On the SWE-Bench Pro leaderboard, GPT-5.5 sits at 82.6%, Claude Opus 4.7 at 82%, Gemini 3.5 Flash at 79.8%, DeepSeek V4 Pro at 76.2%. GPT and Claude trade blows within a point, Gemini trails by a couple, DeepSeek another step behind. If you make procurement decisions from these numbers alone, the message is clear: the top models are all roughly equivalent.
Most developers experience a sharper picture. GPT and Claude form the top tier; Gemini is a clear step down; DeepSeek falls further. The gap between what the leaderboard shows and what practitioners feel keeps widening.
This week, a four-person team at Datacurve released DeepSWE, a coding benchmark built from scratch. When the same frontier models ran on it, the spread jumped to 62 points: GPT-5.5 70%, Claude Opus 4.7 54%, Gemini 3.5 Flash 28%, DeepSeek V4 Pro 8%.
DeepSWE’s logic is straightforward: when an old measurement tool loses resolving power due to data leakage and low difficulty, build a new one that addresses task origin, difficulty, and verifier design.
SWE-Bench Pro’s saturation has two independent drivers.
Contamination. SWE-Bench Pro tasks are drawn from merged GitHub PRs. The problem descriptions, discussion threads, and final patches all live on the public internet. OpenAI confirmed this experimentally in February: GPT-5.2, given a single sentence of task description, could reproduce the gold patch verbatim. Claude Opus 4.5 could recall the exact inline comment text from a specific PR diff line. When models have memorized the answers, the benchmark stops measuring coding ability and starts measuring training data recall. Different models have different distributions of memorization vs. coding capability, and contamination compresses scores unevenly.
Difficulty. SWE-Bench Pro’s reference solutions average 120 lines of code across 5 files, yet prompts run 4,614 characters long. The task description gives away most of the solution. DeepSWE’s reference solutions average 668 lines across 7 files, with prompts only 2,158 characters long. Less instruction for far more output naturally creates more room for differentiation.
DeepSWE rethinks the benchmark along three axes.

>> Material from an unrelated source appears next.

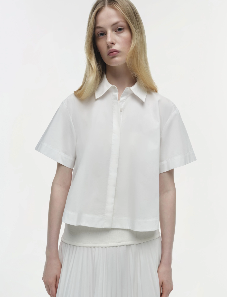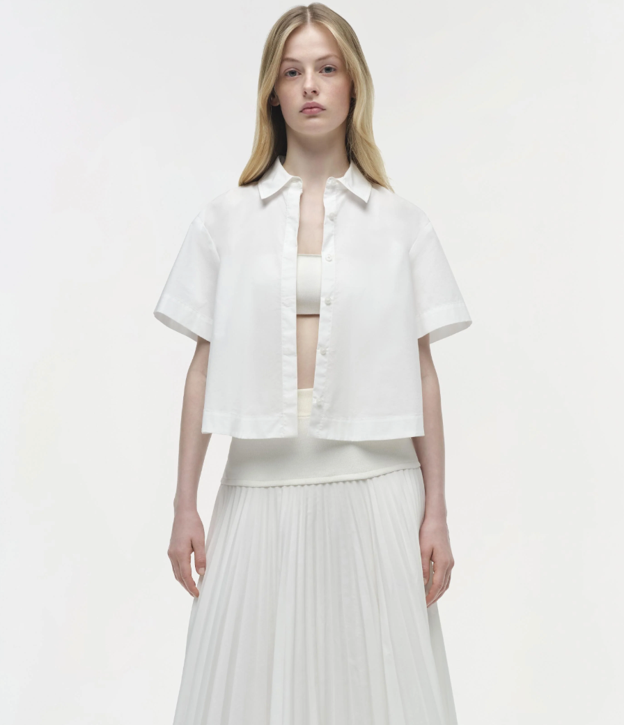 The Bernie Cotton Pleated Shirt in White. Crafted from pleated poplin, this short-sleeve shirt features a crisp silhouette with refined pleat detailing for a polished, modern aesthetic.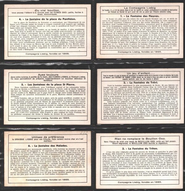 | Titolo: | Figurine Liebig – Serie n. 1376 Completa (6 figurine) – Les fontaines de Rome – Edizione Belga 1938 |

Fresh tasks, not adapted commits. Every DeepSWE task has a human-written reference solution. Some are inspired by unresolved GitHub issues, but the implementation is new. Tasks are never merged back into upstream repositories, so they won’t enter public GitHub records. The benchmark covers 91 repositories across 5 languages (TypeScript, Go, Python, JavaScript, Rust), with a median of one task per repository.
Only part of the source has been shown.